- Film poster
- Directed by: Martin & Martin
- Written by: Piastro Cruiso
- Produced by: The Strangers
- Starring: John Leslie Annette Haven Constance Money
- Cinematography: Seemour Klein
- Edited by: Nick Roberts
- Music by: The Avengers
- Release date: 1977 (United States);
- Running time: 75 minutes
- Country: United States
- Language: English

= Obsessed (1977 film) =

Obsessed (also known as Anna Obsessed and Blue Obsessions) is a 1977 pornographic film directed by Martin & Martin, and written by Piastro Cruiso.

== Plot ==

Anna Carson awakens from a recurring nightmare, and later has unsatisfying sex with her husband, a businessman named David, as a prowler watches the two of them through their living room window. The next morning, Anna and David argue about the long hours David has been working, and about how bad their sex has become. Anna then drives into town, followed by the voyeur, as her car radio discusses the Long Island Rape Murderer, a serial killer who has been raping and killing women and children. At a train station, Anna meets Maggie Ronson, a photographer who later tracks Anna down to a beauty salon, to return a datebook Anna had dropped.

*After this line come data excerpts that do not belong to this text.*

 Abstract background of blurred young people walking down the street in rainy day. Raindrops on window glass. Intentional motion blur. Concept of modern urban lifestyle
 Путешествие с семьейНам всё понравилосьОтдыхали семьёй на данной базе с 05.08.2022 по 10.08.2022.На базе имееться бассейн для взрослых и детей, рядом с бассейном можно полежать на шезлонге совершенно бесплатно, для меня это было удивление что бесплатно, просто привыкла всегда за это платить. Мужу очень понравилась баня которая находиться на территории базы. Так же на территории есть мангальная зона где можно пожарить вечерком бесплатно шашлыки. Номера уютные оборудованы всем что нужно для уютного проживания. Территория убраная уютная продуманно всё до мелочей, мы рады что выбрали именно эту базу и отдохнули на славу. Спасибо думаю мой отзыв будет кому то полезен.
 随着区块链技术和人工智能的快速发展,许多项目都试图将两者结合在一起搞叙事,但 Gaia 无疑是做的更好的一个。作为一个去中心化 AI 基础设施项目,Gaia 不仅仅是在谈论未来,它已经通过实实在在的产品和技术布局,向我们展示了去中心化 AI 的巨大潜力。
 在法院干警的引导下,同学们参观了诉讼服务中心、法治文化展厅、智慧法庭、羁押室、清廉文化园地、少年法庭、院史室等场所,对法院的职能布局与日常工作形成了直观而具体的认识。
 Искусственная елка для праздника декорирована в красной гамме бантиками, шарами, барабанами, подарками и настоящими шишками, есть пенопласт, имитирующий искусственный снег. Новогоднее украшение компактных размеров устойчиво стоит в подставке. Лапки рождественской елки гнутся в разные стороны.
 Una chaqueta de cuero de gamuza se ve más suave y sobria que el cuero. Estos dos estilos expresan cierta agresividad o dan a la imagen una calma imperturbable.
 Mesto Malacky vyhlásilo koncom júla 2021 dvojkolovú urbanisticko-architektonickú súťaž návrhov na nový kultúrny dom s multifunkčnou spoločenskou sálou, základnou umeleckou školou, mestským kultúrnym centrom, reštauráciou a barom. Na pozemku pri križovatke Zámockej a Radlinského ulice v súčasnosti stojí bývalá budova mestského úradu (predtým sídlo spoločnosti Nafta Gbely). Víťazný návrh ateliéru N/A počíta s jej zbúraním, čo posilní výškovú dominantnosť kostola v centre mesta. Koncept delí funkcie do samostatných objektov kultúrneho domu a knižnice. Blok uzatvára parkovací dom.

In the Carson home, Anna and David discuss their failing marriage before David goes to work, where he makes dinner plans with his secretary. While out shopping one night, Anna is sexually assaulted by the Long Island Rape Murderer. After Maggie invites her over, Anna confides in Maggie about being attacked, and the two enter a relationship, while David begins an affair of his own with his secretary. The Long Island Rape Murderer continues to stalk Anna, steals objects like pictures and underwear from her, and has erotic fantasies about her.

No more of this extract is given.